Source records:

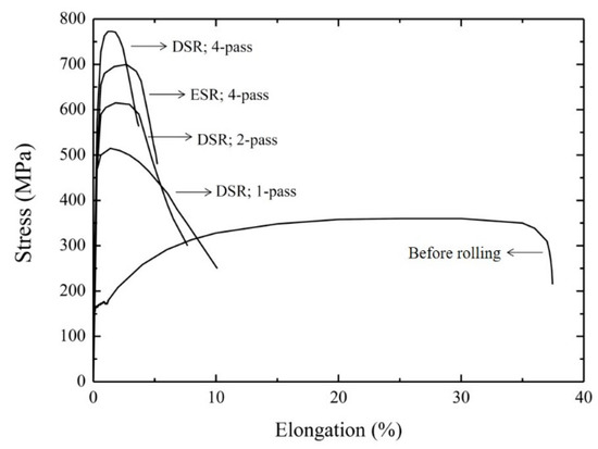 As shown in Figure 6, the overall tendency of the yield strength was consistent with that of nanoindentation in that both properties increased with an increasing of the number of passes. For instance, the yield strength of the sample after a 4-pass of DSR exhibited 780 MPa, which was approximately five times higher than prior to DSR. It was noted that the yield strength after the fourth pass of ESR was lower in comparison to the case of DSR. Furthermore, the total elongation was reduced as the number of passes increased; after the fourth pass of either DSR or ESR, the total elongation was <6%.
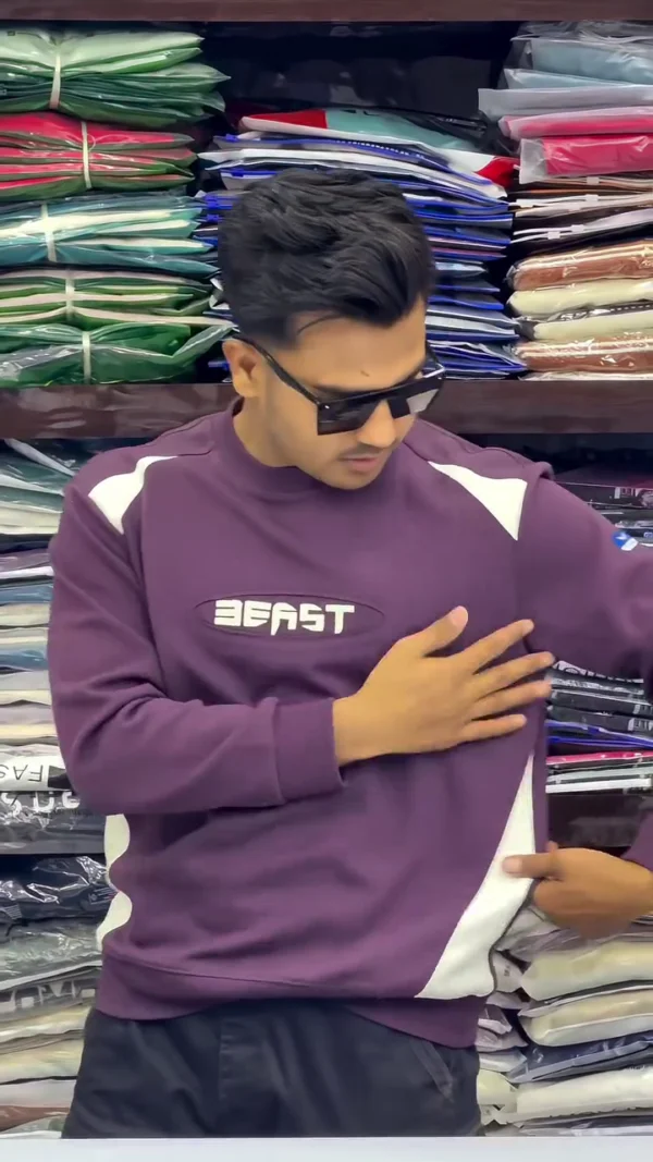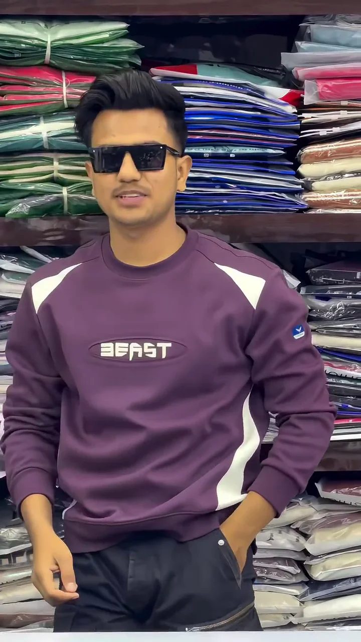 + Free ShippingPurple striped sweatshirt has a round neck, 2 insert pockets, long sleeves, ribbed hem
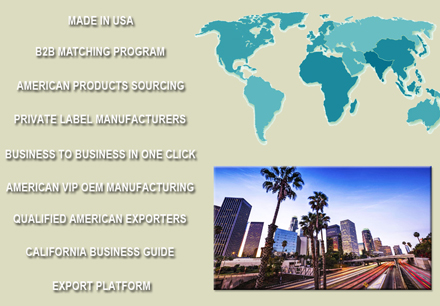 California Business Guide is a professional American export platform directory created to support the worldwide industrial buyers, distributors, wholesalers and international manufacturers to buy from "made in USA" exporters, industrial manufacturing companies, private label production suppliers and business to business vendors. |
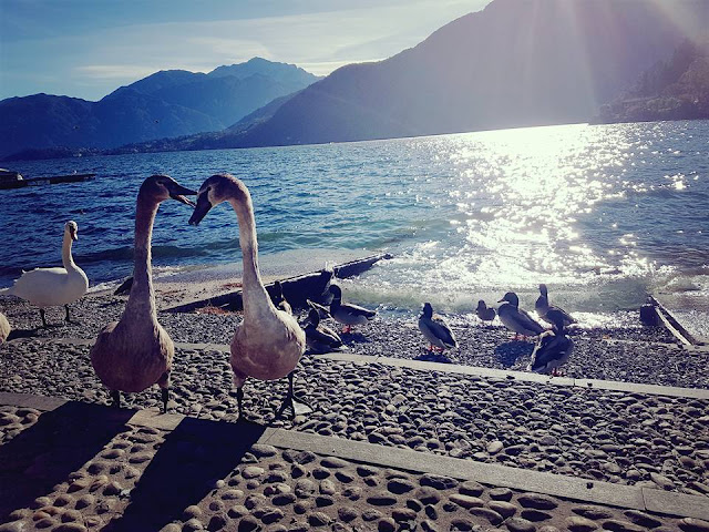 A Lenno nous nous sommes promenés le long du lac à gauche quand vous descendez du ferry à Lenno, en direction de la très fameuse Villa Balbianello. Nous avons été accueillis par des canards, oies et cygnes :) Juste parfait.
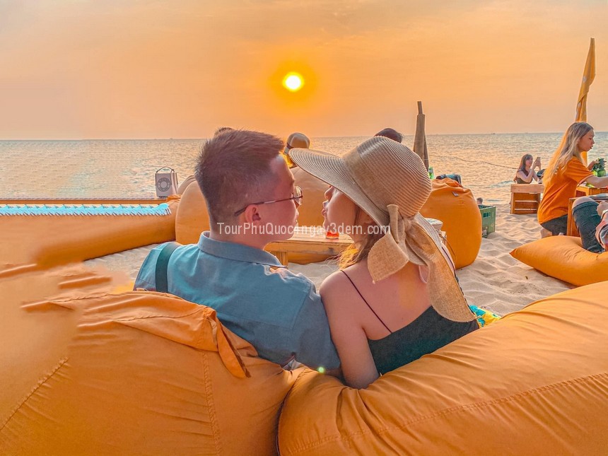 Đầu tiên mình đi chùa Hộ Quốc, đi xong quay ra mình chọn 1 bãi vắng trên đường đến chùa để tắm và chụp ảnh, ở đây có nhiều bãi vắng đẹp và nước biển trong xanh, sau đó mình đi Bãi Sao. Đầu giờ chiều mình di chuyển xuống An Thới, đi Hòn Thơm vé 150k/1 người, qua Hòn thì tắm biển chụp ảnh và thư giãn, sau khi quay về mình ghé Sunset Sanato ngắm hoàng hôn vé 70k/1 người.
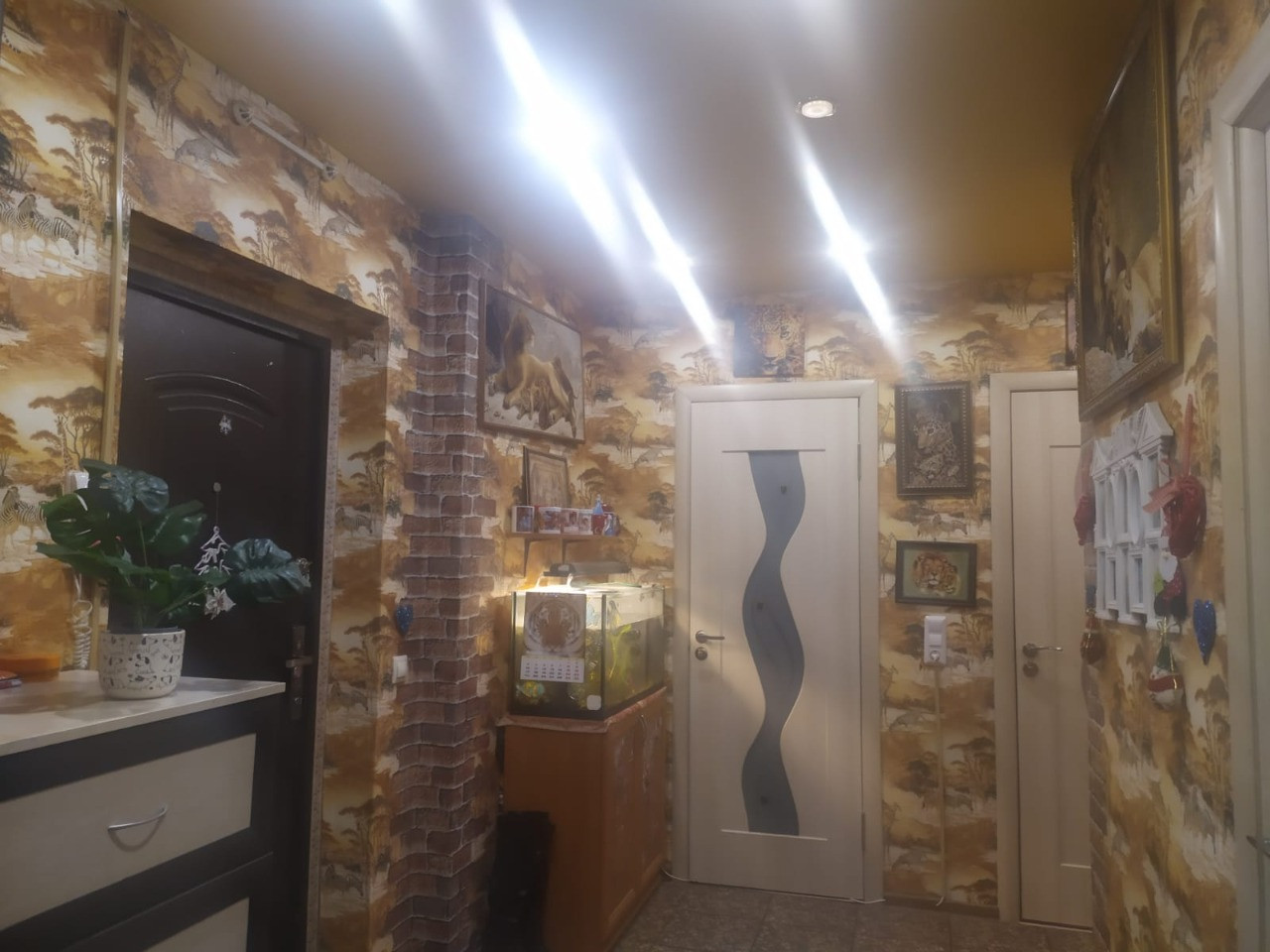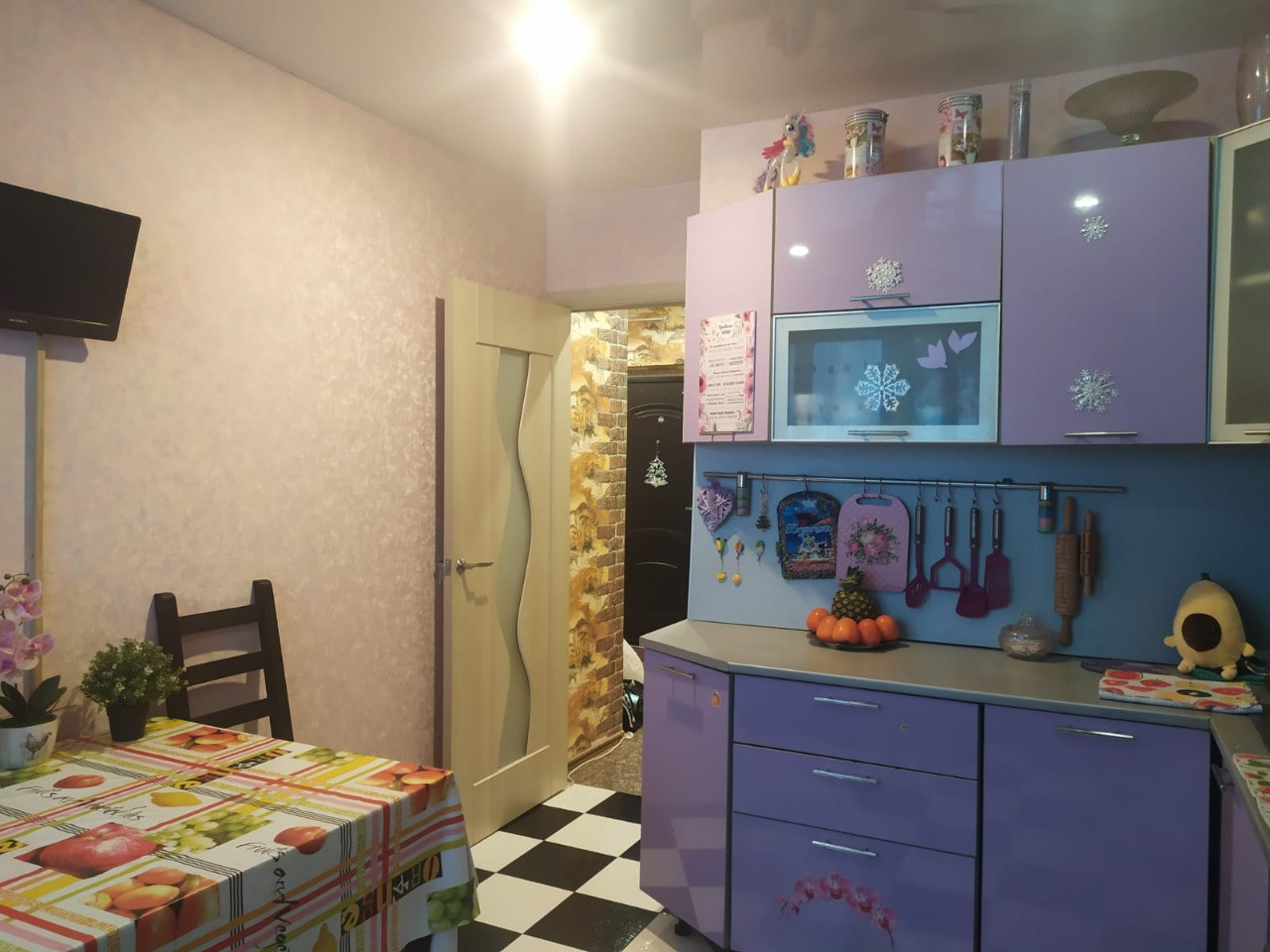 На кухне и в коридоре : напольное покрытие - клитка керамогранит, в комнате - новый линолеум 2021года.
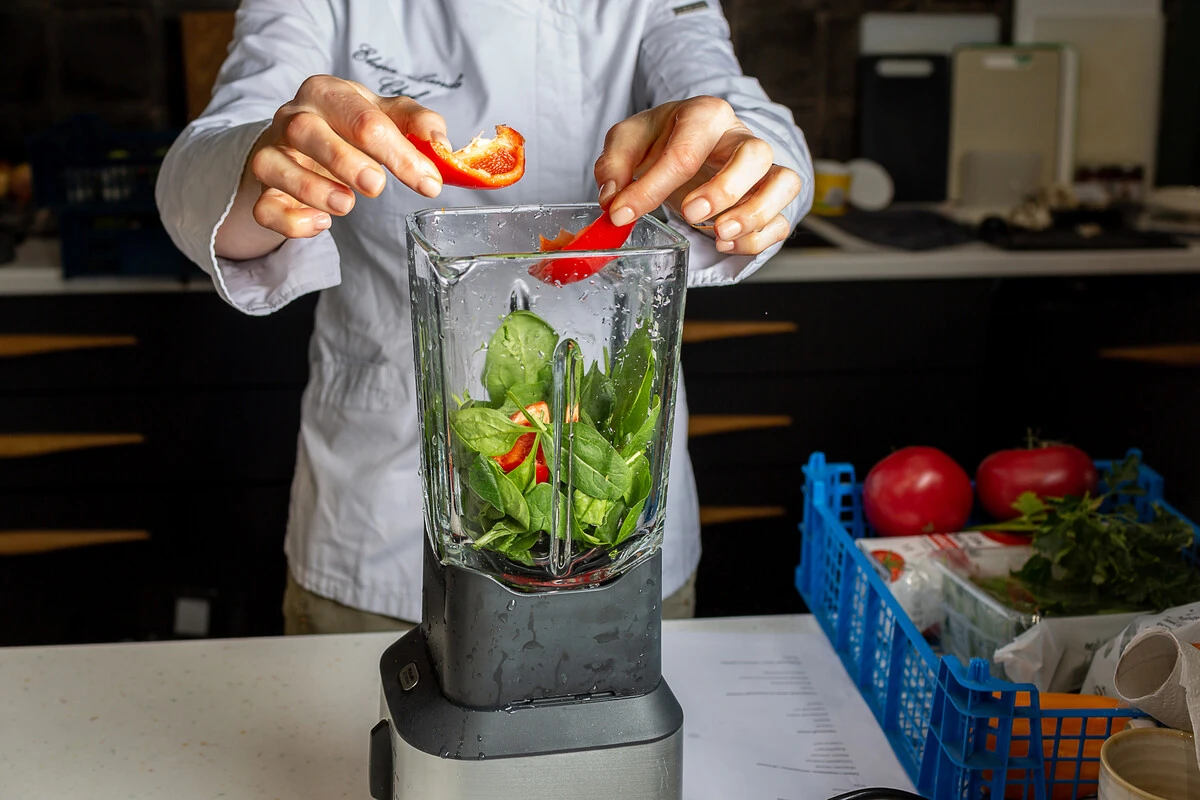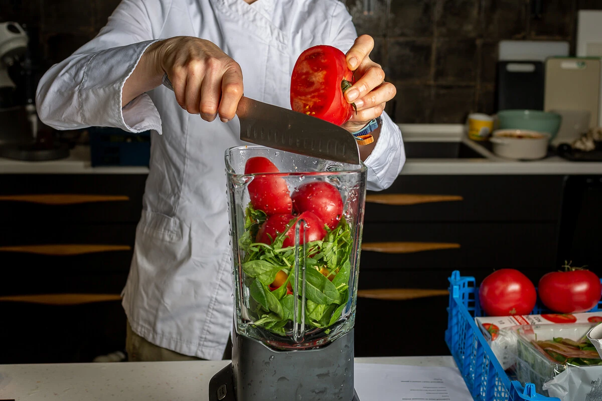 У томатов удалите плодоножку. Мякоть нарежьте дольками и также положите в блендер.

PROBLEM TO WORK ON. Your copy of the data above should match it exactly, apart from the images.

THE ANSWER.
 As shown in Figure 6, the overall tendency of the yield strength was consistent with that of nanoindentation in that both properties increased with an increasing of the number of passes. For instance, the yield strength of the sample after a 4-pass of DSR exhibited 780 MPa, which was approximately five times higher than prior to DSR. It was noted that the yield strength after the fourth pass of ESR was lower in comparison to the case of DSR. Furthermore, the total elongation was reduced as the number of passes increased; after the fourth pass of either DSR or ESR, the total elongation was <6%.
 + Free ShippingPurple striped sweatshirt has a round neck, 2 insert pockets, long sleeves, ribbed hem
 California Business Guide is a professional American export platform directory created to support the worldwide industrial buyers, distributors, wholesalers and international manufacturers to buy from "made in USA" exporters, industrial manufacturing companies, private label production suppliers and business to business vendors. |
 A Lenno nous nous sommes promenés le long du lac à gauche quand vous descendez du ferry à Lenno, en direction de la très fameuse Villa Balbianello. Nous avons été accueillis par des canards, oies et cygnes :) Juste parfait.
 Đầu tiên mình đi chùa Hộ Quốc, đi xong quay ra mình chọn 1 bãi vắng trên đường đến chùa để tắm và chụp ảnh, ở đây có nhiều bãi vắng đẹp và nước biển trong xanh, sau đó mình đi Bãi Sao. Đầu giờ chiều mình di chuyển xuống An Thới, đi Hòn Thơm vé 150k/1 người, qua Hòn thì tắm biển chụp ảnh và thư giãn, sau khi quay về mình ghé Sunset Sanato ngắm hoàng hôn vé 70k/1 người.
 На кухне и в коридоре : напольное покрытие - клитка керамогранит, в комнате - новый линолеум 2021года.
 У томатов удалите плодоножку. Мякоть нарежьте дольками и также положите в блендер.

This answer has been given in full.